Work item
Please write out every entry below exactly, leaving out any pictures.

Data for review
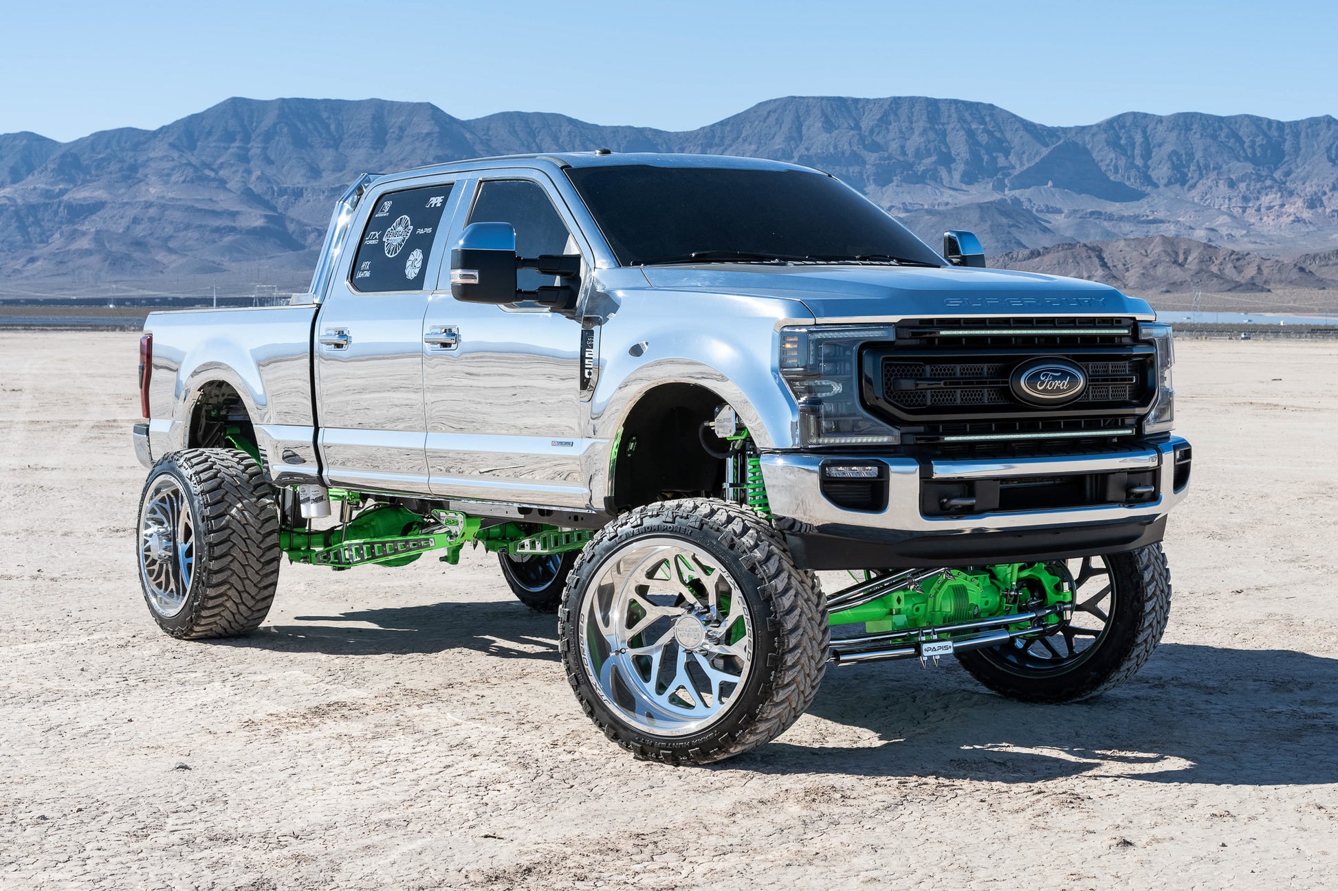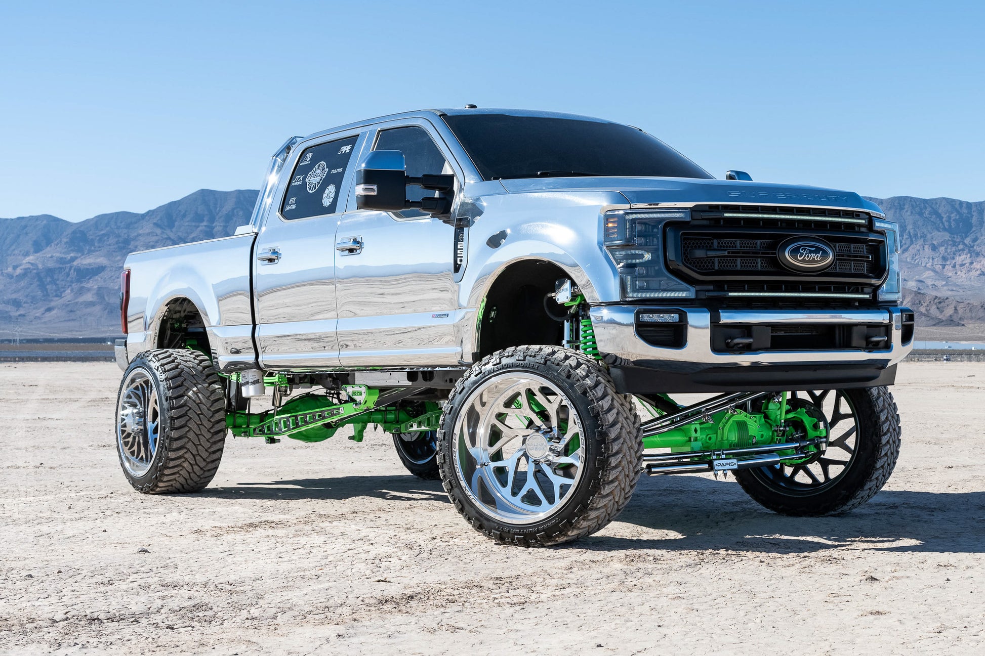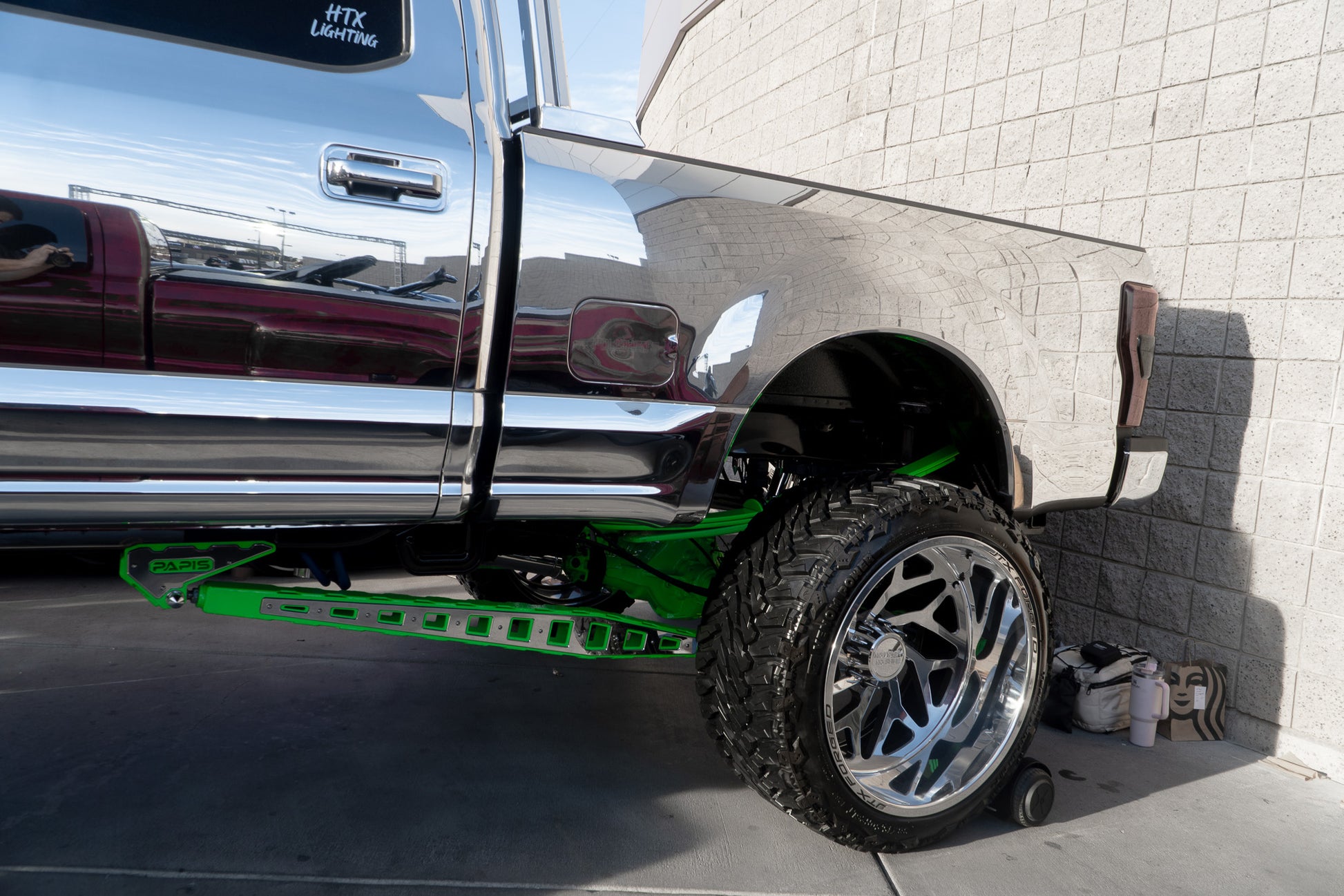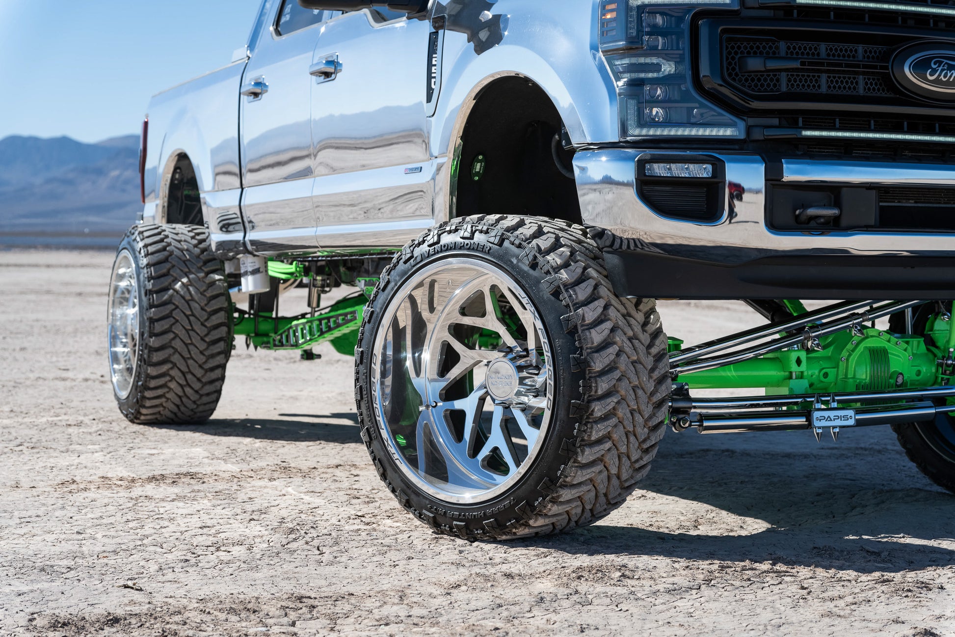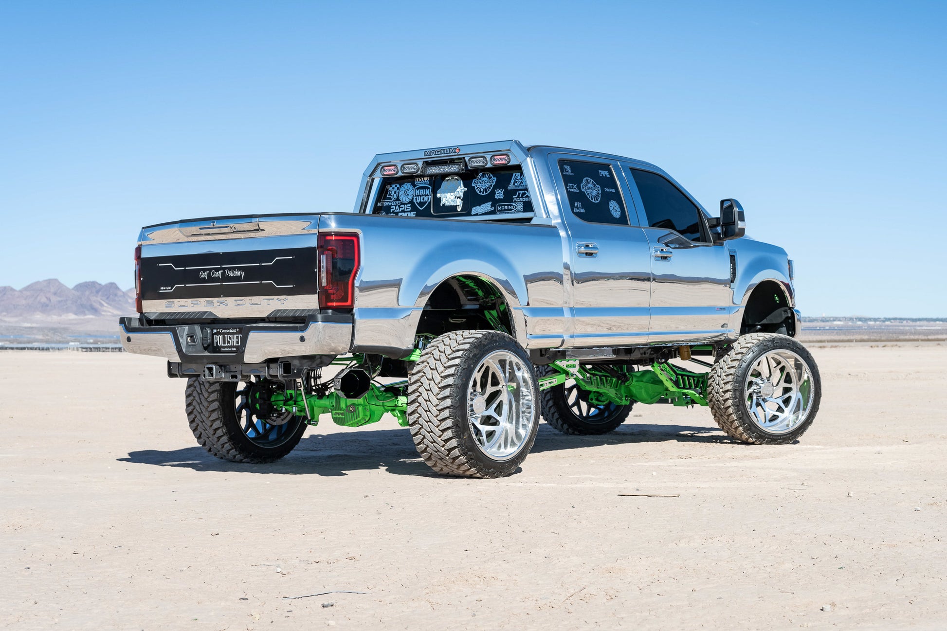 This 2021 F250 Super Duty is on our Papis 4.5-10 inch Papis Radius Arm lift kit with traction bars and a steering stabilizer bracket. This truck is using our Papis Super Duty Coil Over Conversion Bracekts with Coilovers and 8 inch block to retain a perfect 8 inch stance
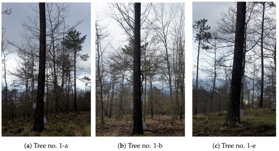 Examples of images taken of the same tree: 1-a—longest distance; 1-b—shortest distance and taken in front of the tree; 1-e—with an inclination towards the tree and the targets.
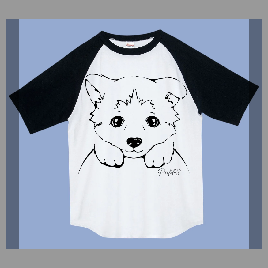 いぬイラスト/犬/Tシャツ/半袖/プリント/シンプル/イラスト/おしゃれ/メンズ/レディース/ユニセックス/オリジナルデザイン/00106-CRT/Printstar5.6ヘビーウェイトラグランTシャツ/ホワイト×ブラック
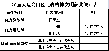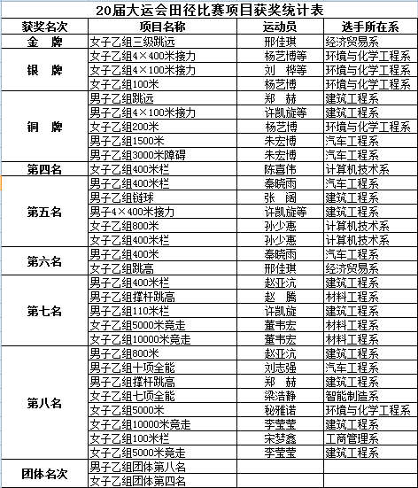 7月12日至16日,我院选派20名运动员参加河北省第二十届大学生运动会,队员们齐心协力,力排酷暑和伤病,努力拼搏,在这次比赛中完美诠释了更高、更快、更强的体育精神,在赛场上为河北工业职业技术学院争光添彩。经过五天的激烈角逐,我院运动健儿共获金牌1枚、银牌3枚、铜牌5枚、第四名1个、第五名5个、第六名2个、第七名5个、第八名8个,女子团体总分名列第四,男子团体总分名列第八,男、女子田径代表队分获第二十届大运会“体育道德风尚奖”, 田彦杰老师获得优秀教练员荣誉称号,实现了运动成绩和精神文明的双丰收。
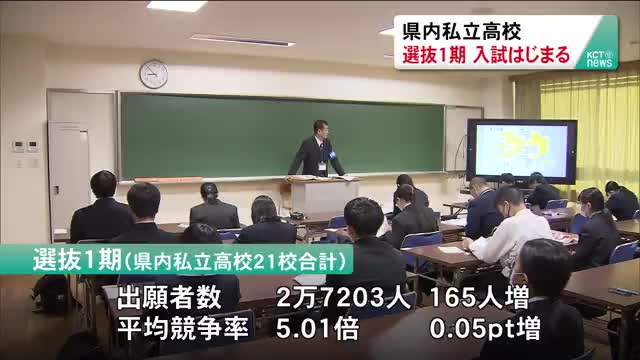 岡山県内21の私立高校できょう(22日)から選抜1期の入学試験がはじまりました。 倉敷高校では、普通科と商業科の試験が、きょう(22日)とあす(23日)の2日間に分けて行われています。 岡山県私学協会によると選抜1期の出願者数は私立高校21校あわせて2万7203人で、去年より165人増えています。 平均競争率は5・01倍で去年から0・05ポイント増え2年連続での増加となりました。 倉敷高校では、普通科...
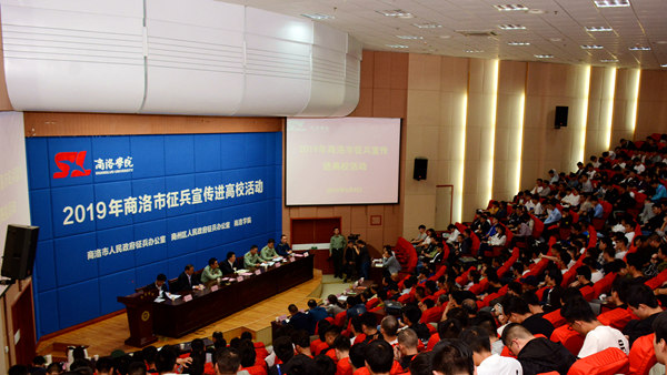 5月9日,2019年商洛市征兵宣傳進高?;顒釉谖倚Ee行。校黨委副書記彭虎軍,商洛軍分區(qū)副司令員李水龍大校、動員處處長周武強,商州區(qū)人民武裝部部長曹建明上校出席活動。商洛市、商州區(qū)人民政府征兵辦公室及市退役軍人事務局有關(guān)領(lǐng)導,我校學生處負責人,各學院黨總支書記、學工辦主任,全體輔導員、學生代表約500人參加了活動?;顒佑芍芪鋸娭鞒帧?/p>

Response below
 This 2021 F250 Super Duty is on our Papis 4.5-10 inch Papis Radius Arm lift kit with traction bars and a steering stabilizer bracket. This truck is using our Papis Super Duty Coil Over Conversion Bracekts with Coilovers and 8 inch block to retain a perfect 8 inch stance
 Examples of images taken of the same tree: 1-a—longest distance; 1-b—shortest distance and taken in front of the tree; 1-e—with an inclination towards the tree and the targets.
 いぬイラスト/犬/Tシャツ/半袖/プリント/シンプル/イラスト/おしゃれ/メンズ/レディース/ユニセックス/オリジナルデザイン/00106-CRT/Printstar5.6ヘビーウェイトラグランTシャツ/ホワイト×ブラック
 7月12日至16日,我院选派20名运动员参加河北省第二十届大学生运动会,队员们齐心协力,力排酷暑和伤病,努力拼搏,在这次比赛中完美诠释了更高、更快、更强的体育精神,在赛场上为河北工业职业技术学院争光添彩。经过五天的激烈角逐,我院运动健儿共获金牌1枚、银牌3枚、铜牌5枚、第四名1个、第五名5个、第六名2个、第七名5个、第八名8个,女子团体总分名列第四,男子团体总分名列第八,男、女子田径代表队分获第二十届大运会“体育道德风尚奖”, 田彦杰老师获得优秀教练员荣誉称号,实现了运动成绩和精神文明的双丰收。
 岡山県内21の私立高校できょう(22日)から選抜1期の入学試験がはじまりました。 倉敷高校では、普通科と商業科の試験が、きょう(22日)とあす(23日)の2日間に分けて行われています。 岡山県私学協会によると選抜1期の出願者数は私立高校21校あわせて2万7203人で、去年より165人増えています。 平均競争率は5・01倍で去年から0・05ポイント増え2年連続での増加となりました。 倉敷高校では、普通科...
 5月9日,2019年商洛市征兵宣傳進高?;顒釉谖倚Ee行。校黨委副書記彭虎軍,商洛軍分區(qū)副司令員李水龍大校、動員處處長周武強,商州區(qū)人民武裝部部長曹建明上校出席活動。商洛市、商州區(qū)人民政府征兵辦公室及市退役軍人事務局有關(guān)領(lǐng)導,我校學生處負責人,各學院黨總支書記、學工辦主任,全體輔導員、學生代表約500人參加了活動?;顒佑芍芪鋸娭鞒帧?/p>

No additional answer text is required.